UPDATE, APRIL 15: The Media Union of B.C. says it has reached a tentative agreement with Postmedia which would save a number of jobs. The union says, “We are working on details that will be released next week. We will have a membership meeting Wednesday, April 19, 2017 at 4 pm, place to be determined where full details of the agreement will be presented to members followed by a ratification vote. Updates will be on the website as they become available.”
Vancouver’s media industry is undergoing some major changes with 54 employees being handed their layoff notices at the Vancouver Sun and Province on Friday.
The layoffs at Postmedia includes 29 journalists.
It was reported earlier this month that Postmedia failed to reach a target set last fall to reduce its salary costs by 20 per cent. Since then it has issued layoff notices to some employees at the Ottawa Citizen, Montreal Gazette and the Windsor Star.
While both the Vancouver Sun and Province newspapers have been through staff reduction before, it was through buyout packages.
In October 2016, Postmedia announced plans to reduce its salary costs by 20 per cent through voluntary staff buyouts, adding at the time that layoffs were possible if its target wasn’t met. This plan from the media company came shortly after it announced its net loss for the quarter nearly doubled. Staff had until Nov. 8 to apply for the buyouts.
But on Friday morning, employees reported they received an email guiding them to the 9th floor, where they could choose to finish the day or head home.
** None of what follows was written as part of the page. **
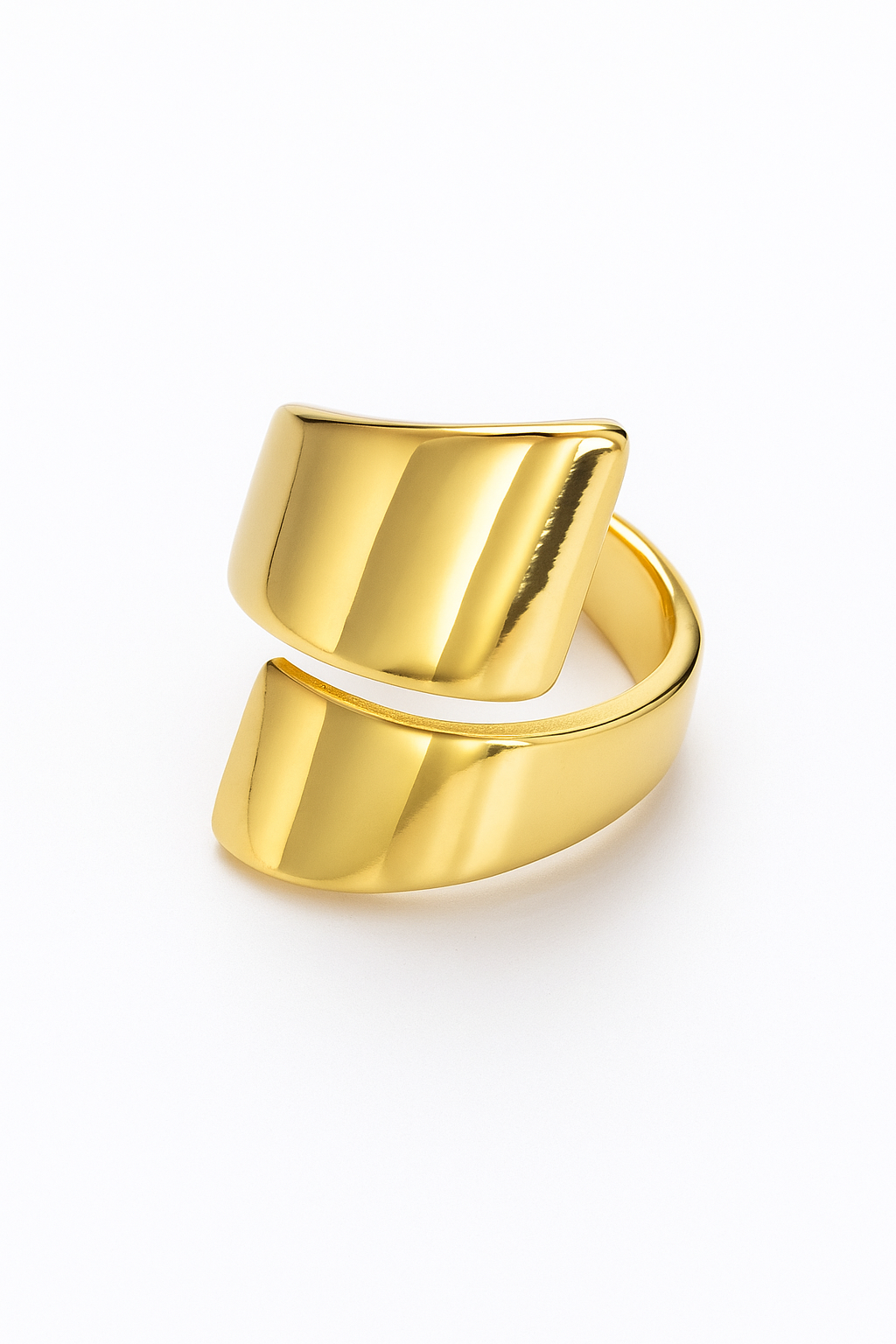 A bold minimalist double-band wrap ring with a sleek polished finish and modern sculptural shape. • Minimalist Statement Ring • Brass, 24k Gold Filled • Hypoallergenic • Tarnish Resistant •...

The cuts don’t take effect for another two weeks but both the staff and union leaders said they feel like they’ve been lied to.
The media company’s initial cost-cutting goal was 20 per cent but then it was later increased to 42 per cent and the union claims this division of Postmedia still makes money.
“I think it’s going to be difficult [to still cover the news of the city],” Brian Gibson with Unifor Local 2000, which represents the 54 employees, said.
“It is still two newspapers, they’re still trying to keep it different. I know over time they’ve become the same because of the way Postmedia operates… but I think it’s going to be very difficult to try to cover the province properly.”
The newspaper chain’s October announcement of the first cost-cutting measure came after it reported a fourth-quarter loss of $99.4 million or 35 cents per diluted share. That was up from a loss of $54.1 million or 19 cents per diluted share for the same period a year ago. Revenue for the quarter ended Aug. 31 and totalled $198.7 million, down from $230.2 million.
Postmedia attributed most of the revenue loss to a 21.3 per cent drop in print advertising and eight per cent fall in print circulation.
For its full financial year, Postmedia said it lost $352.5 million or $1.25 per share on $877.2 million in revenue. In the previous year, it lost $263.4 million or $1.98 per diluted share on $750.3 million in revenue.
Postmedia has not responded to Global News’ request for a comment.